Dotting this with the direction vector gives the directional derivative we seek:

\[\langle 0,21,4\rangle\cdot \left\langle\frac{1}{\sqrt{30}},\frac{2}{\sqrt{30}},\frac{5}{\sqrt{30}}\right\rangle = \frac{42}{\sqrt{30}}+\frac{20}{\sqrt{30}}=\frac{62}{\sqrt{30}}\approx 11.32\]

Thus,the rate of change of temperature is 11.32 degrees per second

Next, the direction $\vec{d}$ where temperature is increasing fastest is the direction of the gradient, so we just need to divide $\nabla T$ by its magnitude:

\[\|\nabla T\|=\|\langle 0,21,4\rangle\|=\sqrt{457}\]

\[\vec{d}=\left\langle0,\frac{21}{\sqrt{457}},\frac{4}{\sqrt{457}}\right\rangle\]
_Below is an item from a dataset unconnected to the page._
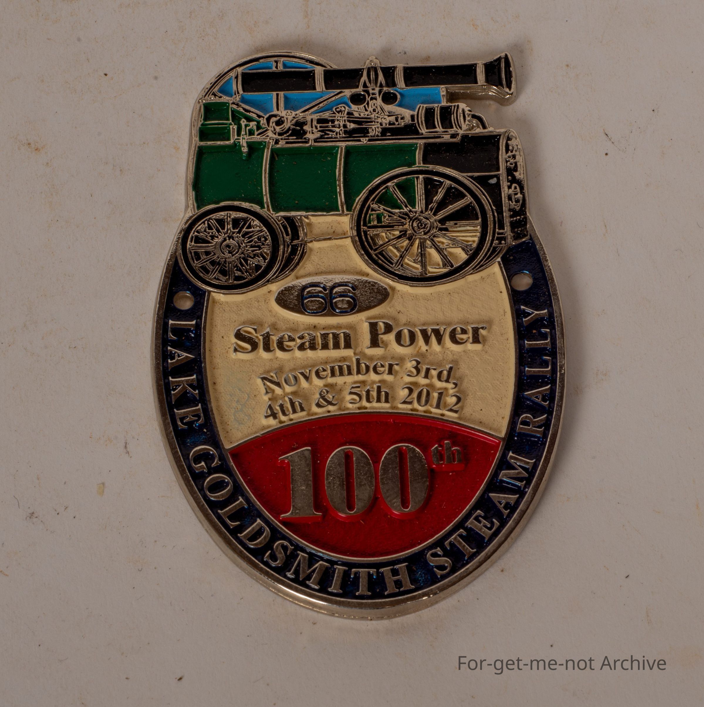 This is a little plaque produced by the Goldsmith Steam, rally people. This is advertising the 100th rally, November 3rd, 4th, and 5th, 2012. The biggest rally they've ever had, huge crowds from all over, turned up, and it was a magnificent event.Collection

And finally, to find the angle the fly should turn to head in this direction, we can use the dot product! We already have the unit vector $v$ in the fly’s direction, and the unit vector $d$ in the direction of fastest increase in temperature. So

\[\cos\theta = v\cdot d = \frac{42}{\sqrt{30}\sqrt{457}}+\frac{20}{\sqrt{30}\sqrt{475}}=\frac{62}{\sqrt{13710}}\approx 0.529\]

Taking the inverse cosine, we find that $\theta=1.0127$ radians, or approximately 58 degrees.